I need to create an alert when all the below queues are at 100% for respective indexer. For this I am using "DMC Alert - Saturated Event-Processing Queues" inbuilt alert but need to tweak it a little bit to alert when all the 4 queues " aggQueue.*" "indexQueue.0*" "parsingQueue.*" and "typingQueue.0" are at 100% for that host.

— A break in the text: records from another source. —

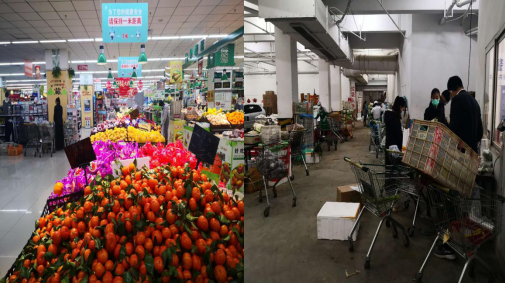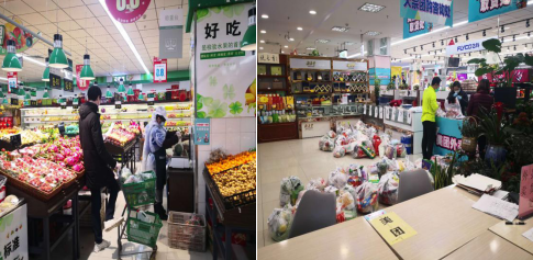早上8:00,物業(yè)部同事開始了營業(yè)前消殺工作,對(duì)賣場、辦公區(qū)的購物車、生鮮柜臺(tái)、收銀臺(tái)、地面、門把手、加工間、衛(wèi)生間、餐廳、垃圾桶、更衣室等進(jìn)行全面消毒滅菌處理。蔬菜配貨車到達(dá),為配貨司機(jī)測(cè)溫、登記、消毒,在停車場外完成第一道檢測(cè)。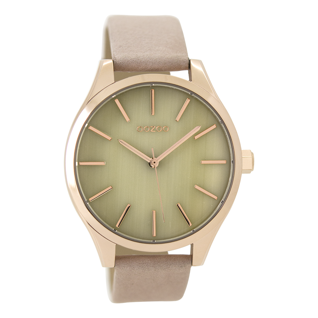 Stand out with this beautiful round ladies design from the trendy OOZOO Timepieces collection. The C9502 has a pink grey leather strap and 42 mm silver coloured metal watch case. You are making quite the fashion statement with this white bone dial, rose gold coloured stripes digits and matching hands. This essential watch for your wardrobe has a mineral glass, stainless steel backplate and is nickel safe. This watch has a 2 Japanese movement and is covered by a 2 year warranty (see section 3 of our Refund, shipping & warranty policy).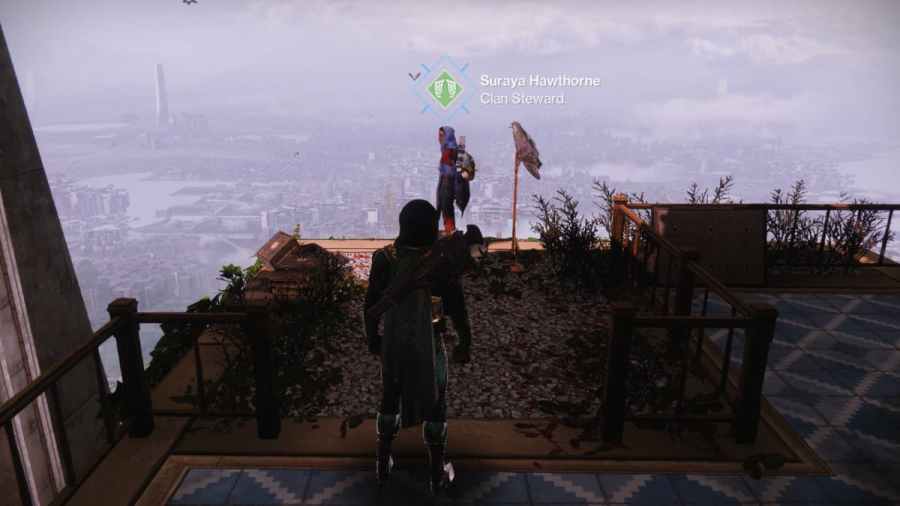 Hawthrone is the Clan Steward at the Tower, and she will offer various goods and services. The first of which is selling players various boosts called Raid banners that allow Fireteam members to gain Super Energy and Heavy ammo in Raid encounters. On top of Raid Boosts, she also has a weekly bounty you can complete. Completing the bounty will reward you with Legendary engrams.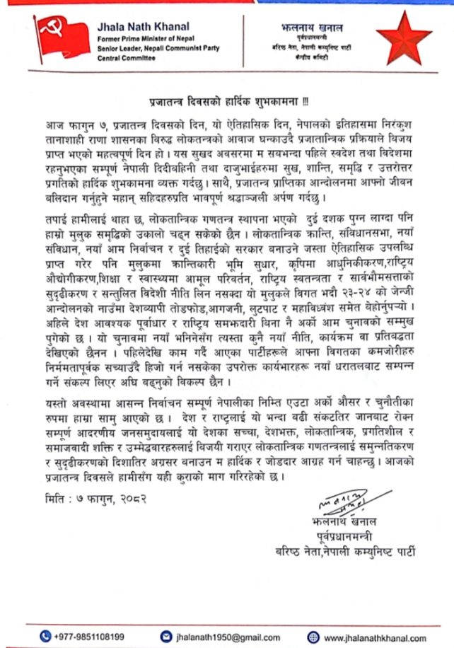 काठमाडौँ । पूर्वप्रधानमन्त्री तथा झलनाथ खनाल ले लोकतान्त्रिक गणतन्त्रको सुदृढीकरणका लागि आगामी निर्वाचनमा देशभक्त, लोकतान्त्रिक र प्रगतिशील शक्तिलाई विजयी गराउन आह्वान गरेका छन्।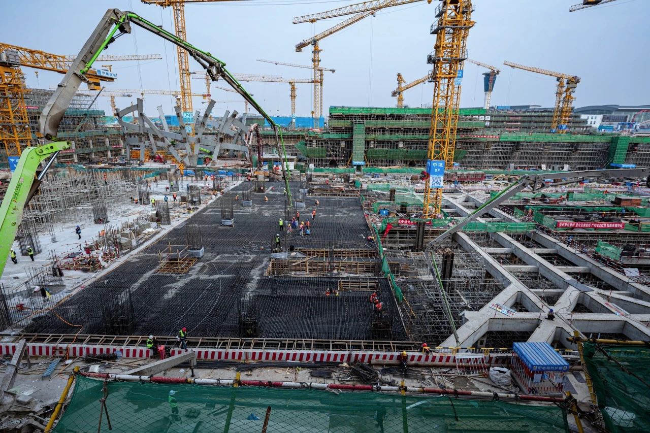 在新建60萬㎡T2航站樓施工現(xiàn)場,項(xiàng)目A指廊正在進(jìn)行樁基施工,B指廊正在進(jìn)行地上結(jié)構(gòu)施工,C指廊已完成主體結(jié)構(gòu)封頂并正在進(jìn)行鋼結(jié)構(gòu)網(wǎng)架吊裝。主樓三、四區(qū)正在進(jìn)行地下結(jié)構(gòu)施工,主樓五區(qū)主體結(jié)構(gòu)已施工至地上二層。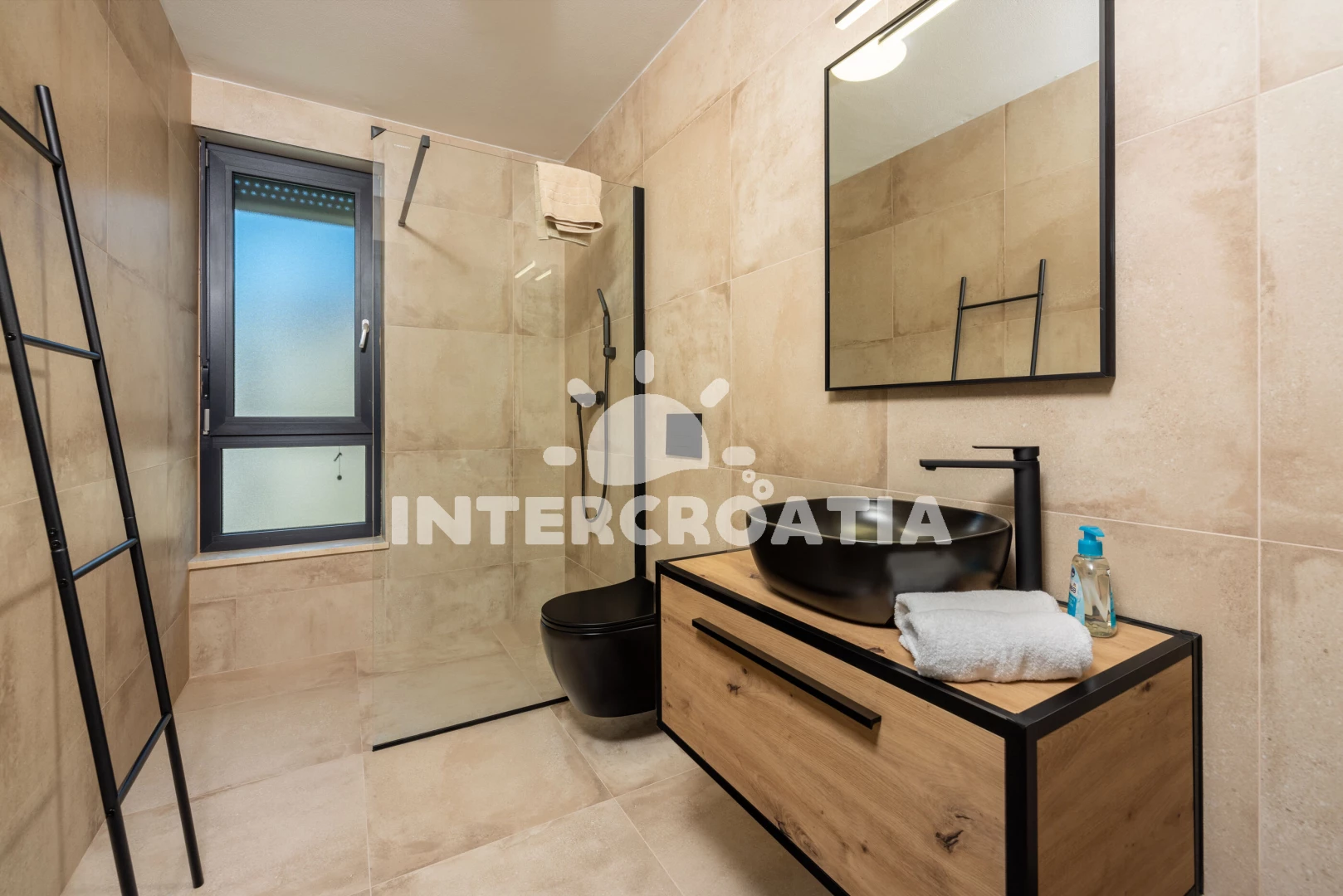 Apartmán se nachází 250 m od moře a pláže. Pláž je písčitá, skalnatá a větší kamení. Parkování je před domem.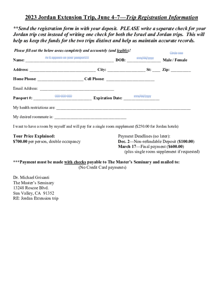 2023 Jordan Extension Trip, June 47Trip Registration Information **Send the registration form in with your deposit. PLEASE write a separate check for your Jordan trip cost instead of writing one check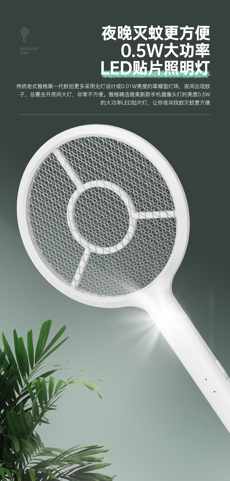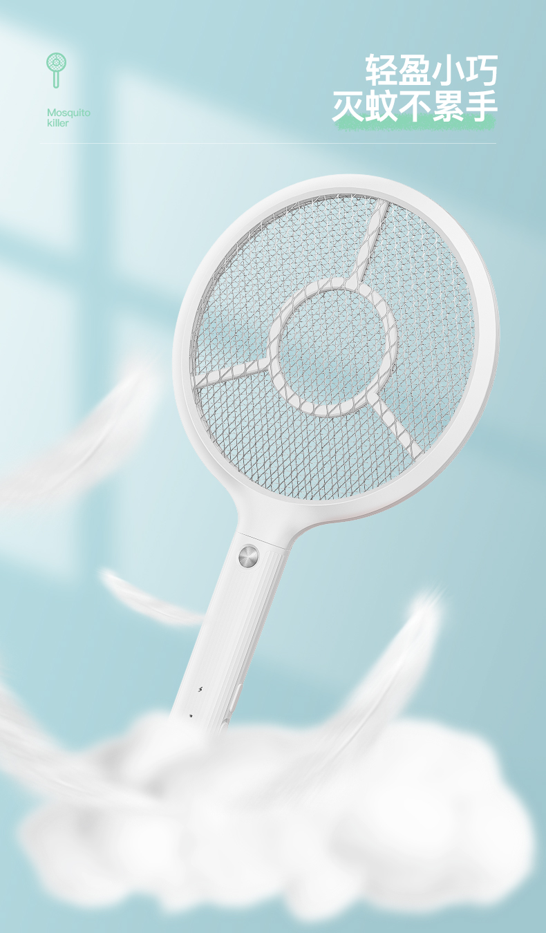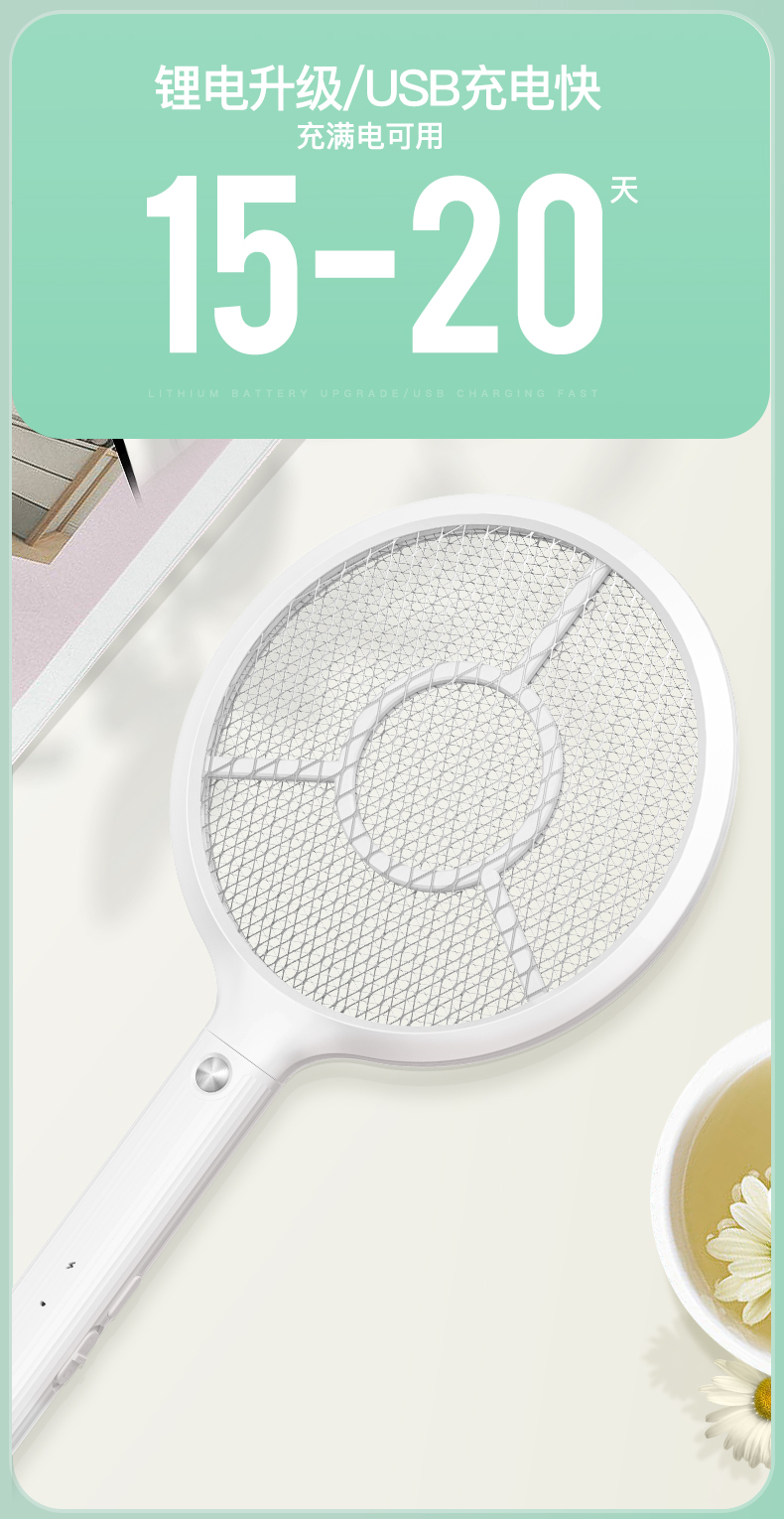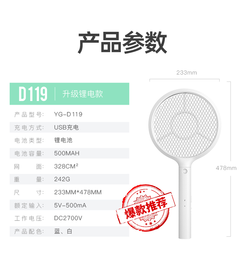 雅格(yage)便携USB充电式锂电电蚊拍YG-D119(个) 白色

| rest splunk_server_group=dmc_group_indexer /services/server/introspection/queues | search title=tcpin_queue* OR title=parsingQueue* OR title=aggQueue* OR title=typingQueue* OR title=indexQueue* | eval fifteen_min_fill_perc = round(value_cntr3_size_bytes_lookback / max_size_bytes * 100,2) | fields title fifteen_min_fill_perc splunk_server | where fifteen_min_fill_perc > 99 | rename splunk_server as Instance, title AS "Queue name", fifteen_min_fill_perc AS "Average queue fill percentage (last 15min)"
Queue name Average queue fill percentage (last 15min) Instance
i use this search:
index=_internal source=*metrics.log sourcetype=splunkd group=queue | eval name=case(name=="aggqueue","2 - Aggregation Queue", name=="indexqueue", "4 - Indexing Queue", name=="parsingqueue", "1 - Parsing Queue", name=="typingqueue", "3 - Typing Queue", name=="splunktcpin", "0 - TCP In Queue", name=="tcpin_cooked_pqueue", "0 - TCP In Queue") | eval max=if(isnotnull(max_size_kb),max_size_kb,max_size) | eval curr=if(isnotnull(current_size_kb),current_size_kb,current_size) | eval fill_perc=round((curr/max)*100,2) | bin _time span=1m | stats Median(fill_perc) AS "fill_percentage" max(max) AS max max(curr) AS curr by host, _time, name | where (fill_percentage>70 AND name!="4 - Indexing Queue") OR (fill_percentage>70 AND name="4 - Indexing Queue") | sort -_time
Removing tcpin_queue* and counting the number of distinct base queue names by Splunk instance should allow you to alert when all 4 queues across any number of pipelines have breached your threshold:
| rest splunk_server_group=dmc_group_indexer /services/server/introspection/queues | search ```title=tcpin_queue* OR``` title=parsingQueue* OR title=aggQueue* OR title=typingQueue* OR title=indexQueue* | eval fifteen_min_fill_perc = round(value_cntr3_size_bytes_lookback / max_size_bytes * 100,2) | fields title fifteen_min_fill_perc splunk_server | where fifteen_min_fill_perc > 99 | rex field=title "(?<basename>[^.]+)" | eventstats dc(basename) as distinct_count by splunk_server | where distinct_count==4 | fields - basename distinct_count | rename splunk_server as Instance, title AS "Queue name", fifteen_min_fill_perc AS "Average queue fill percentage (last 15min)"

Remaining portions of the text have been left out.